たれぱんのびぼーろく

わたしの備忘録、生物学とプログラミングが多いかも

論文解説: Polyak (2021) Speech Resynthesis from Discrete Disentangled Self-Supervised Representations

Paper

ニューラルな音響特徴量(content, fo, speaker)からneural vocoder音声合成/変換/圧縮できるかなチャレンジ.

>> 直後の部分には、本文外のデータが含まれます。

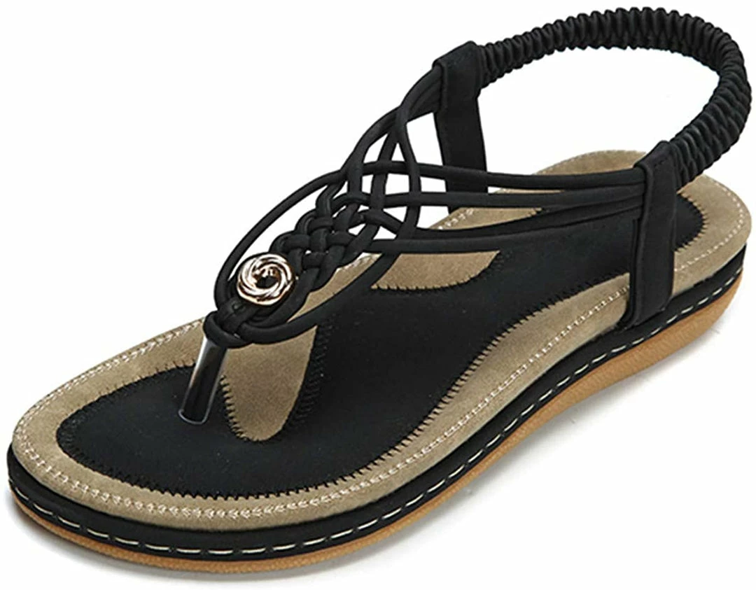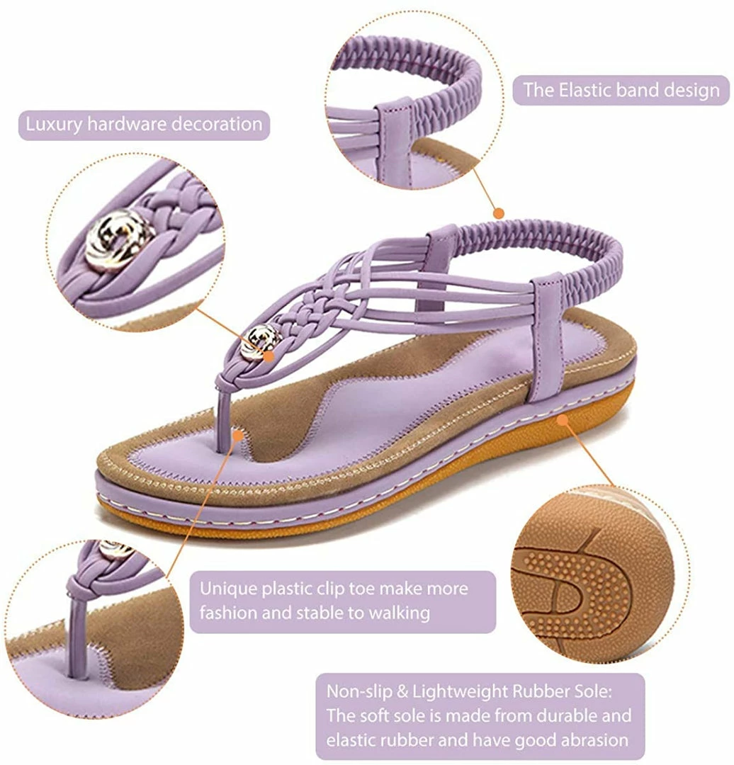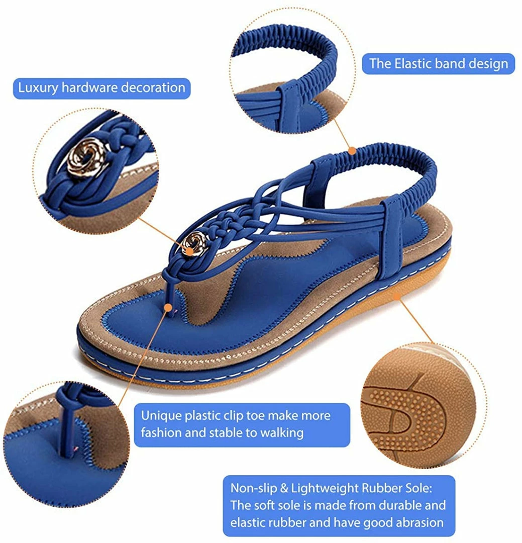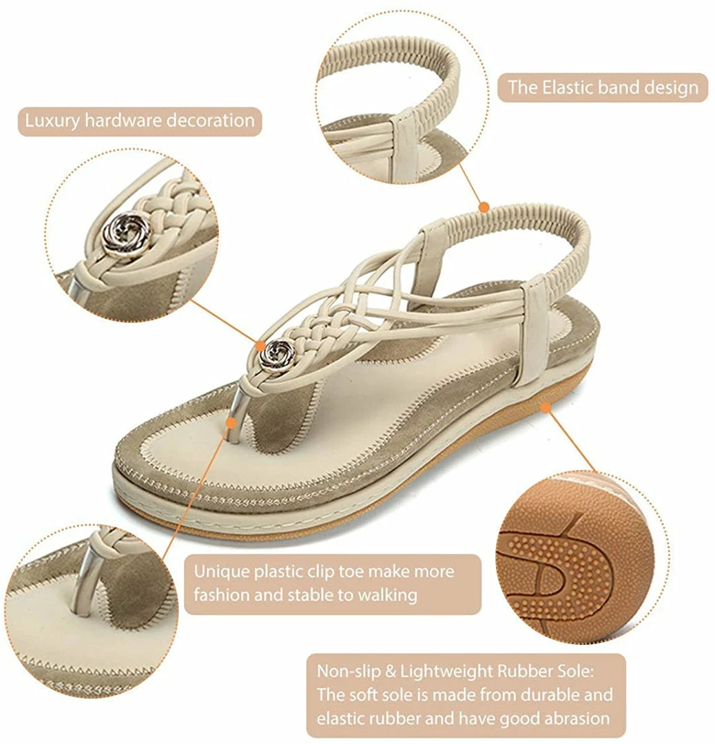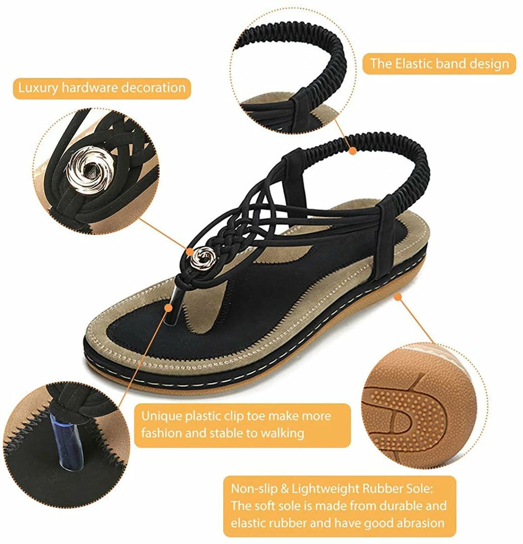 - ➤♥➤Women Flip Flops: Comfortable Chic Thong Sandals 1.Elastic strap can control the size easily 2.The non slip rubber sole makes for a comfortable step .12 Cushioned footbed for all day wearing.

表現学習とボコーダ学習は完全分離 (表現モデルをpretraining -> fix). fixされたモデル出力からボコーダ学習.
content表現モデルはCPC, HuBERT, VQ-VAEの3つを試してる.

フォーマルまとめ

Acoustic Unitを入力とする音声合成(unit-to-speech)、話者変換、圧縮が可能であることを示した.
制御性を重視し、3つの個別Acoustic Unit (content, fo unit, speaker) を入力とし、韻律制御時にはfo unitを、VC時には speaker Identityを操作してHifiGANによる音声合成をおこなった.

デモ

link

背景

research question「生成面で高品質・高制御性・高圧縮な離散SSLはどれか」

Acoustic Unitの評価はASRベースがほとんど。
デモとして音声再合成が示されてはいるが、unitの特性(含まれている情報 (e.g. phoneme・fo・speaker) 、disentanglement、合成精度への貢献など)は研究が進んでいない。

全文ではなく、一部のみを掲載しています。